Learn about four different categories of lisps as we explore each one and provide practical exercises that you can do at home.

Interdental lisp

A frontal lisp, also known as an interdental lisp, is a common type of lisp that is easily recognized by most people. This phenomenon happens when an individual articulates a [th] sound in place of an /s/ or /z/ sound. If you or your child have an interdental lisp, certain words like “sing” may be pronounced as “thing,” and words like “zebra” may be said as “thebra.” The interdental lisp occurs when the speaker’s tongue is positioned incorrectly within their oral cavity, often extending through the gaps between their front teeth.

Dentalized lisp

A dentalized lisp is similar to the interdental lisp but differs in the extent to which the tongue extends beyond the front teeth. The tongue applies pressure against the far side of the front teeth, redirecting the airflow towards the front instead of fully protruding. As a result, this frequently results in a lowered volume during conversation.

Lateral lisp

Once you are familiar with its unique sound, a lateral lisp becomes easily recognizable. During speech, the position of the tongue remains relatively stable, but the sides of the tongue rise slightly to allow air to escape from both sides of the mouth. The excess of air can cause a speaker’s speech sound “slushy,” giving it a distinct “wet” or “spitty” quality. The term slushy lisp is commonly used to describe a lateral lisp.

Palatal lisp

The upward movement and contact of the tongue with the soft palate, or roof of the mouth, result in a palatal lisp. The presence of a lisp can affect the accurate pronunciation of /s/ and /z/ sounds, although it is not commonly observed.

 

Treatment for Lisps

Speech-Language Pathologists (SLP) specialize in providing assistance to children who have lisps, analyzing the specific type of lisp a child has, and offering ongoing support to correct it. The time it takes to get rid of a lisp can range from several months to several years. Older children who begin therapy with a speech therapist may experience a longer duration of time for overall improvement.

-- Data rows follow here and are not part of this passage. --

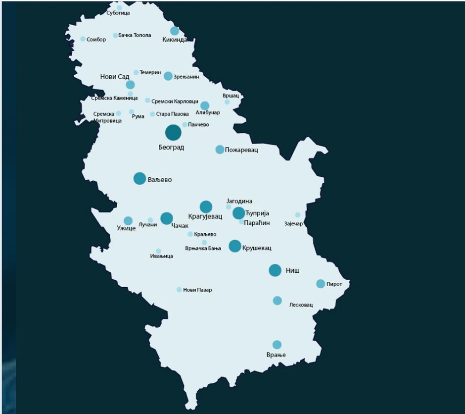 Najviše potvrđenih slučajeva zaraze korona virusom u Srbiji zabeleženo je u Beogradu, slede Niš, Valjevo i Ćuprija, pokazuju podaci objavljeni na sajtu Covid19.rs.
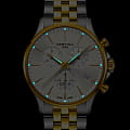 Высокая точность хода швейцарского кварцевого калибра ETA G15.212 AA Precidrive™Precidrive™Инновационный кварцевый механизм Certina. Часы, оснащённые этим швейцарским калибром, приравниваются к точности к сертифицированным хронометрам, точность хода составляет +/-10 секунд в год. отмечена сертификатом COSCСертификат COSCОфициальный сертификат, подтверждающий то, что часы ходят с особо высокой точностью. Для получения документа часы подвергаются тестовым испытаниям, разработанным швейцарским институтом тестирования хронометров COSC. Допустимая норма для механических часов -4/+6 секунд в день, для кварцевых моделей +/- 0,07 секунд в день.. Сапфировое стеклоСапфировое стеклоПрочный и надёжный материал из кристалла сапфира синтетического происхождения, характеризующийся особой твёрдостью и устойчивостью к царапинам и повреждениям. с покрытием «антиблик». ХронографХронографФункция позволяет измерять отрезки времени с особой точностью: часы, минуты, секунды. Верным признаком хронографа является наличие на циферблате 3 дополнительных окошек-счётчиков., секундомер, дата, EOLEOLПредставляет собой систему, уведомляющую владельца часов о необходимости замены элемента питания. За 2 недели до полного разряда батарейки секундная стрелка перестаёт ходить чётко и начинает перепрыгивать на 3-4 деления.. Концепция Двойной Надёжности DSDS ConceptDouble Security Concept, обозначает двойную надёжность и безупречную точность часов Certina. Двойная система защиты подразумевает обеспечение максимальной устойчивости к ударам и высоких показателей водонепроницаемости.. Стрелки с люминесцентным покрытиемЛюминесцентное покрытиеПозволяет считывать показания времени в темноте. Производители наносят на стрелки, часовые индексы, безель или поверхность циферблата светонакопительный состав, дающий холодное свечение.. Стальной браслет на застёжке-бабочке с кнопкамиЗастёжка "бабочка"Такой вид застёжки дополняется предохранителями, помогающими избежать случайного раскрытия браслета. Обладают изящным исполнением. .
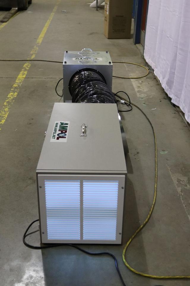 For gymnasiums or other large spaces, AMPOL often uses its UV HEPA Hogs, which are large industrial fans equipped with a UV light and HEPA filters. These must be run when people are not around because of the high velocity of the fan speed.
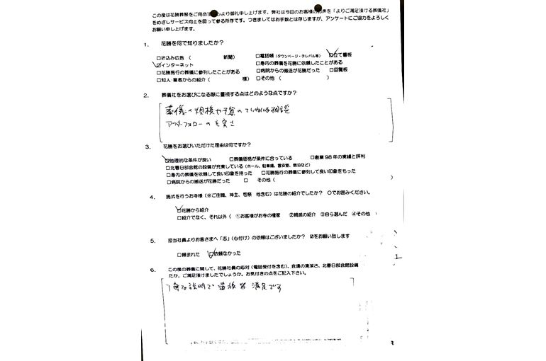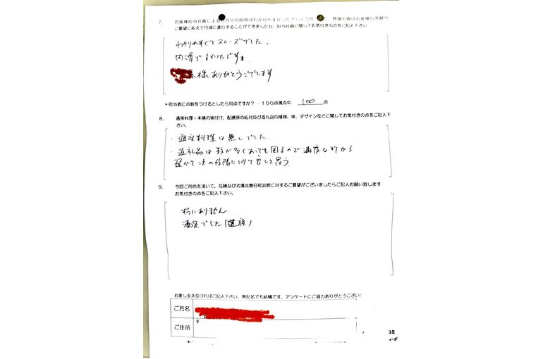 100点のアンケートありがとうございます。式後のお忙しい中、貴重なご意見をいただきました事、衷心より感謝いたします。お客様のご意見はしっかりと受け止めまだ未熟ではございますが、コツコツ努力し、良い仕事ができるよう精進します。#春日部葬儀 #杉戸町葬儀 #春日部家族葬 #小さなお葬式 #家族葬
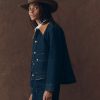Inspired by heritage-style barn jackets, this reproduction has been reinterpreted with more interesting proportions. It features a cropped length that is longer at the back, creating a charming swing shape. The jacket is made of a structured rinse denim with a corduroy collar that adds authentic detailing. It also includes a snap-front closure with a hidden front zipper, along with traditionally pleated, three-dimensional pockets and snaps at the flap closure.
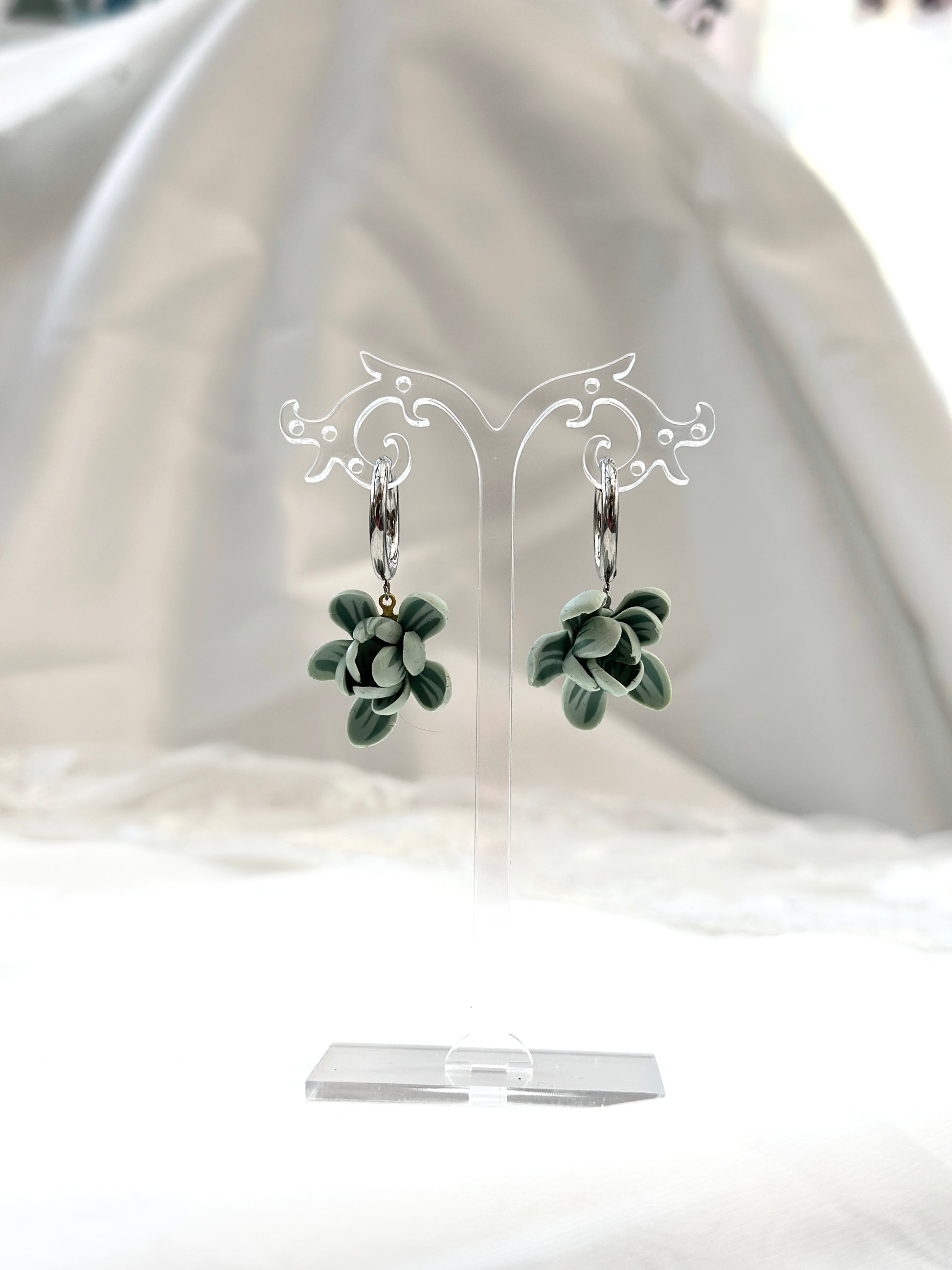 Handmoulded Polymer Clay Sampaguita, Stainless steel hoops
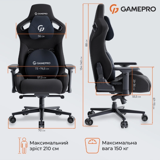 Характеристики для Игровое кресло GamePro GC900B Fabric Black
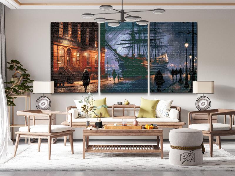 Gyémánt kirakó - Hamburg éjszaka (3 db-os készlet) Méret: 40x60cm (3db), Keretezés: Kartonlemezen, Gyémántok: Kerek
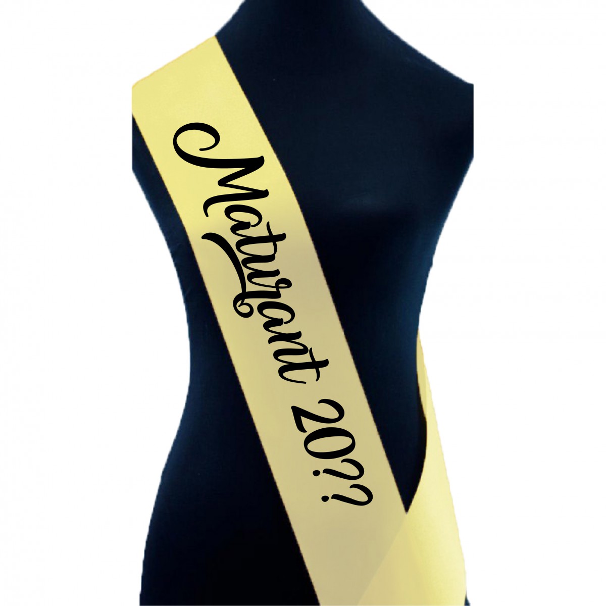 Maturitní šerpy s potiskem na maturitní večírek. Objednejte si u nás luxusní, originální a kvalitní maturitní šerpy pro tento výjimečný den. Jako krásnou památku na tento slavnostní okamžik nabízíme tuto šerpu včetně dotisku dle Vašeho přání. Taftové šerpy v šíři 100 mm a délce cca 2000 mm dodáváme standartně zastřižené entlovacími nůžkami zabraňující třepení šerpy.
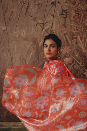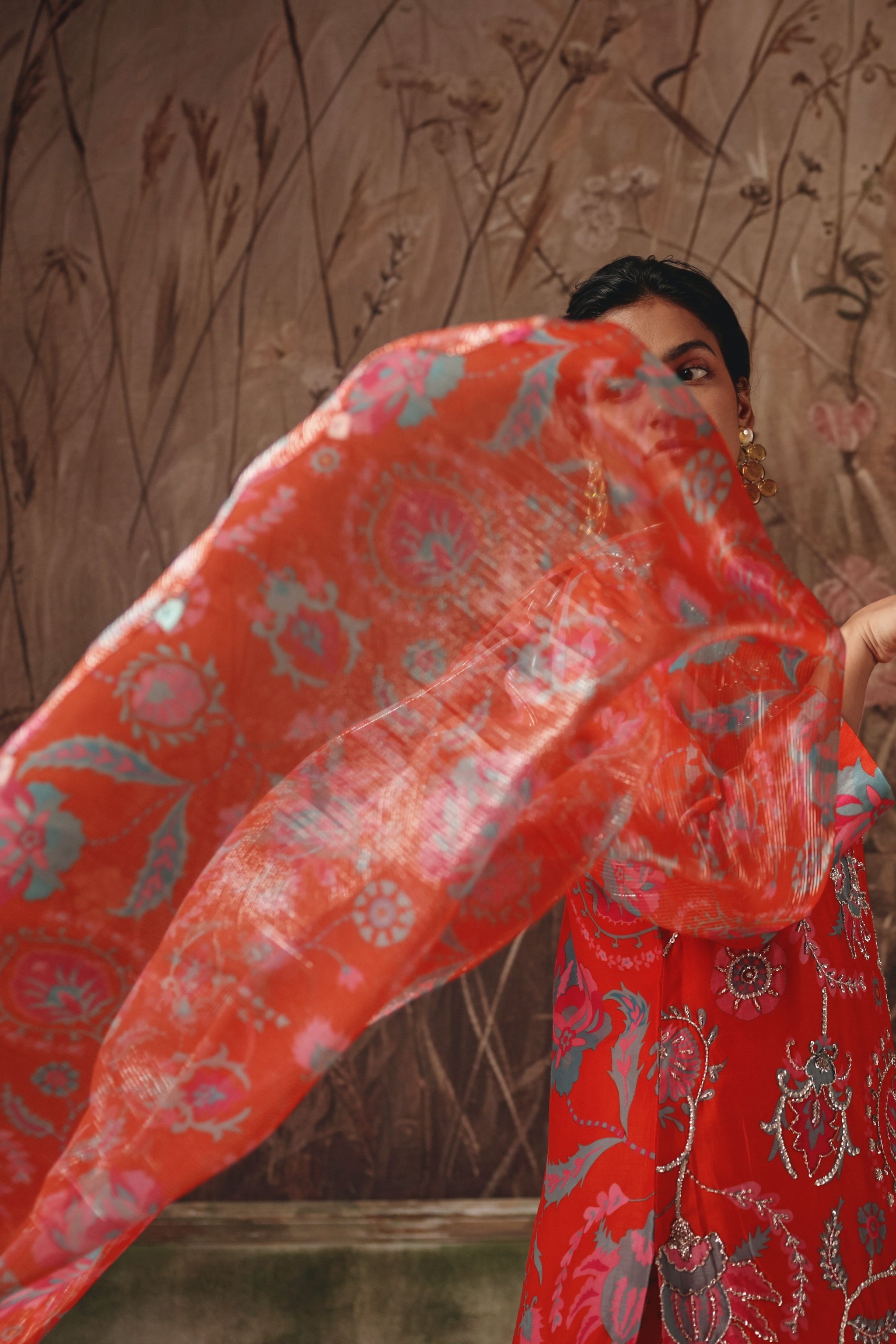 • Bold, bright, and steeped in bakhtar heat — this set blends flame-red tones with cool blue and rose motifs. The kurta’s simplicity lets the colours take centre stage, while the sweeping sharara adds graceful volume. A statement piece crafted for celebrations that call for colour without heaviness.
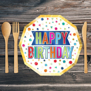Happy Birthday Party Decagon Paper Plates 9 inch

Speech pathologists help individuals with lisps by teaching them about the auditory properties of their lisp and helping them improve their tongue placement to produce the desired sounds. To achieve this, specific exercises can be used, such as verbalizing certain words or phrases that contain the sounds being targeted. Once the speech pathologist has dedicated a significant amount of time to working on your child’s lisp, they will assess their ability to maintain proper tongue positioning through conversation.

If your child has a lisp caused by a tongue-tie, a medical professional may recommend a simple procedure called a frenectomy as a way of relieving the restriction. The procedure involves using a pair of scissors to trim the excess tissue that is limiting tongue movement. In some cases of tongue-tie, a surgical procedure called frenuloplasty may be required.